KIR-HLA footprints and NK cell-mediated recognition of HIV-1
Retrovirology volume 9, Article number: P170 (2012)
Increasing data suggest an important role of KIR+ NK cells in the control of HIV-1, however the precise mechanisms on how NK cells recognize HIV-1-infected cells remain poorly understood. KIRs can bind to HLA class I molecules, but the binding affinity of these interactions is dependent on the HLA class I presented epitope. Recent reports have suggested that sequence variations within HIV-1 epitopes presented by HLA class I can affect the binding of inhibitory KIRs expressed on NK cells, potentially modulating NK cell responses to infected cells. Here we investigated whether HIV-1 might adapt to the combined KIR/HLA genotypes on a population level to identify areas within HIV-1 that might be targeted by KIR+ NK cells.

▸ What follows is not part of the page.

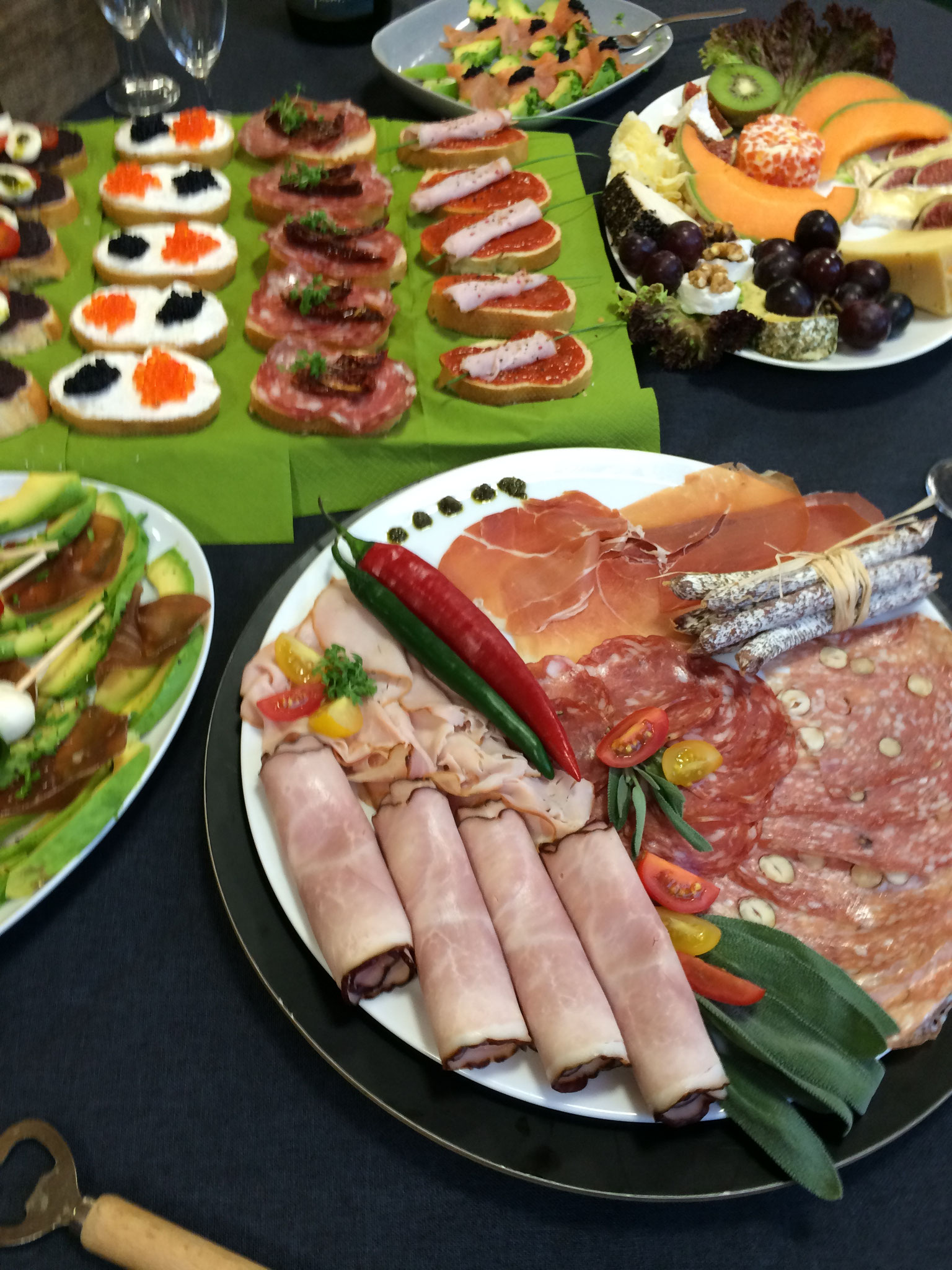 Schoko-Brötchen, Party-Brötchen, Lachs, Käse, Schwarwälder Schinken und Käse aus Gersbach, Roasted Banana-Schoko Oats & Joghurt im Weckglas, Prosecco-Döschen

HIV-1 Gag was sequenced in 390 untreated chronically clade C infected individuals from KwaZulu-Natal, South Africa. All study subjects were HLA class I and KIR typed. Phylogenetically-corrected logistic regression analysis of KIR/HLA associated Gag sequence polymorphisms was performed and q-values were used for multiple test correction.
A total of 93 sequence polymorphisms significantly associated with the combined HLA/KIR genotypes were identified (p<0.05), 6 of them with a false-positive rate of less than 20% (q<0.2). These significant associations were independent of previously identified KIR or HLA-linked polymorphisms.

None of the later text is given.